- Born: Carlene Hatcher August 28, 1932 Detroit, Michigan, United States
- Died: December 7, 2009 (aged 77) Cheektowaga, New York, United States
- Education: Martha Graham, Various universities in Farance
- Alma mater: Martha Graham Center of Contemporary Dance
- Occupations: Writer; teacher; dancer;
- Spouse: James Patrick (2003–2009)
- Children: Lila
- Writing career
- Genre: African American Fiction
- Subjects: African American Experience and African American Women's Experience in Relationships
- Notable works: The Flagellants, Sister X

= Carlene Hatcher Polite =

American novelist

Carlene Hatcher Polite (August 28, 1932 – December 7, 2009) was an American writer.

==Early life==
Carlene Hatcher trained at the Martha Graham Center of Contemporary Dance and then danced professionally from 1955 to 1963 in New York and Detroit. She also worked for civil rights organizations, including the Detroit Council for Human Rights and the NAACP.

==Writer==
In 1964, Polite moved to Paris where her first book The Flagellants was published in French in 1966, and was subsequently published in English in 1967. The book received critical acclaim, with Mel Watkins in The New York Times Book Review stating it was "a complex, scathing and often brilliant depiction of the disintegration of a black couple’s relationship," and that it "was among the first fictional works by a black woman to focus directly on the theme of the sometimes bitter antagonism between black men and women."

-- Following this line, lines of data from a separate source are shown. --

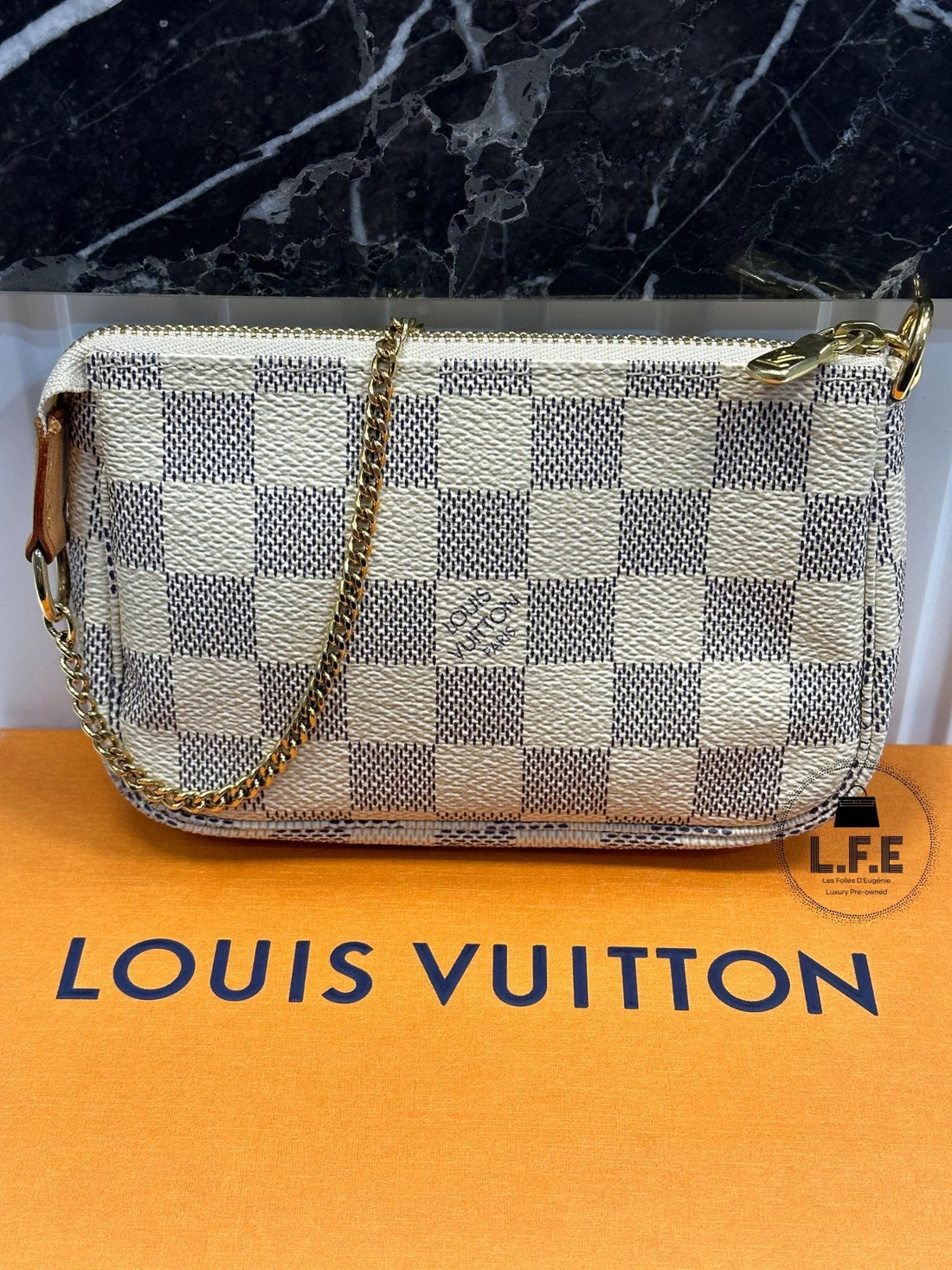 Petite pochette en damier azur de la Maison Louis Vuitton, une pièce très tendance, parfaite...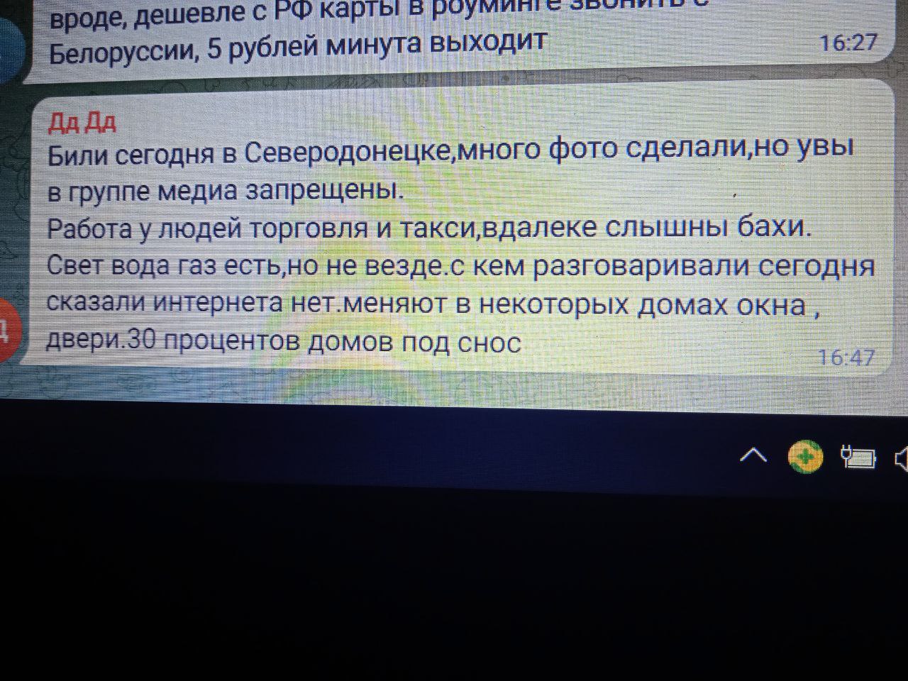 За словами користувача мережі, з роботою у місті проблема - або торгівля, або таксі. Комунікації (світло, газ, вода) є не скрізь. Вдалині чути вибухи.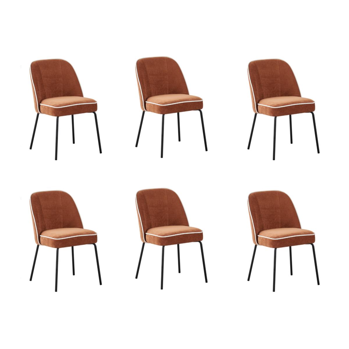 The Celia Dining Chairs effortlessly blend contemporary style with everyday comfort, making them a standout addition to any dining space. Wrapped in plush rust chenille fabric, these chairs offer a soft and inviting texture, enhanced by contrasting cream piped edges for a sophisticated finish. Featuring a sprung seat and gently curved backrest, these chairs provide superior support and cushioning, ensuring lasting comfort during meals and gatherings. The slim black metal legs create a modern silhouette, while offering durability and stability for everyday use. Designed to complement a variety of dining tables and interior styles, from minimalist and Scandinavian to industrial and contemporary décor. Enhance your dining experience with this set of 6 Celia dining chairs, designed to blend comfort with contemporary style. Upholstered in soft rust chenille fabric, these chairs feature contrast cream piped edge detailing that enhances their stylish appeal. The sleek black metal legs add a contemporary touch, while the sprung seat provides exceptional comfort, making them perfect for hosting dinner parties. Designed with a gently curved back for added support, these chairs provide both style and functionality. The rich rust colour brings warmth and a modern vibe to any dining space, making these chairs a perfect addition to any home.
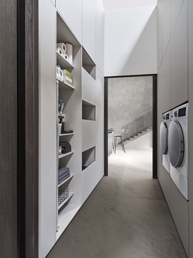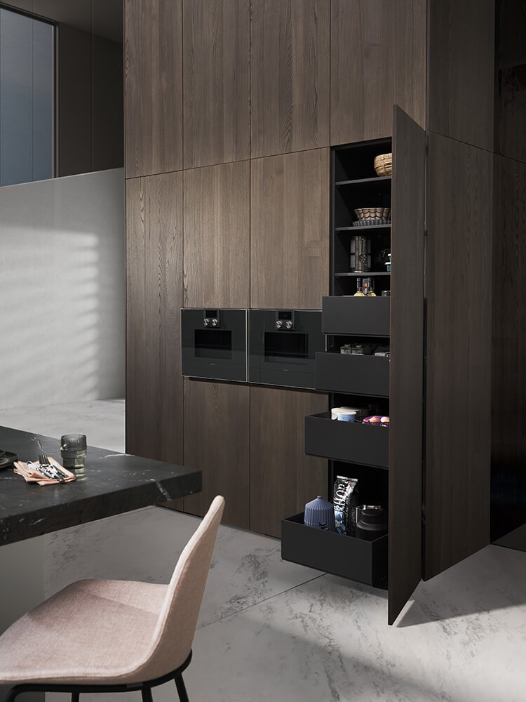 Ein einzigartiges Merkmal ist der freistehende Raum-im-Raum-Kubus. Von außen betrachtet erscheint er als elegante Schrankfront, doch im Inneren verbirgt sich ein begehbarer Hauswirtschaftsraum. Diese Innovation ist mehr als nur ein Stauraum; es ist ein Zeichen von Raffinesse und durchdachtem Design, das die Küche in eine multifunktionale Umgebung verwandelt.

Polite published her second book Sister X and the Victims of Foul Play, about the investigation into the death of a black nightclub dancer in Paris, in 1975.

==Later years==
Polite joined the University at Buffalo in 1971, where she taught creative writing, African American history and literature until her retirement in 2000. She became tenured and served on committees, as well as chairing the American Studies Department for a short while.

Her classroom assignments often centered on books such as The African Origin of Civilization by Cheikh Anta Diop, Stolen Legacy by George G.M. James and other Afrocentric works.

Her writing assignments included four standard papers, one page each that served as mid-term and final papers—centering on being in love, falling out of love, and being the opposite gender. In her tenure at the university, she only used two teaching assistants (John Ransom and Kyle Phoenix (née Brian Kyle Doyle) both later published authors), feeling that their personal abilities, writing interests and knowledge were sufficient for her classroom needs.

She died December 7, 2009.

==Selected works==
- Polite, Carlene Hatcher (1966). "The Flagellants"
- Polite, Carlene Hatcher (1975). "Sister X and the Victims of Foul Play"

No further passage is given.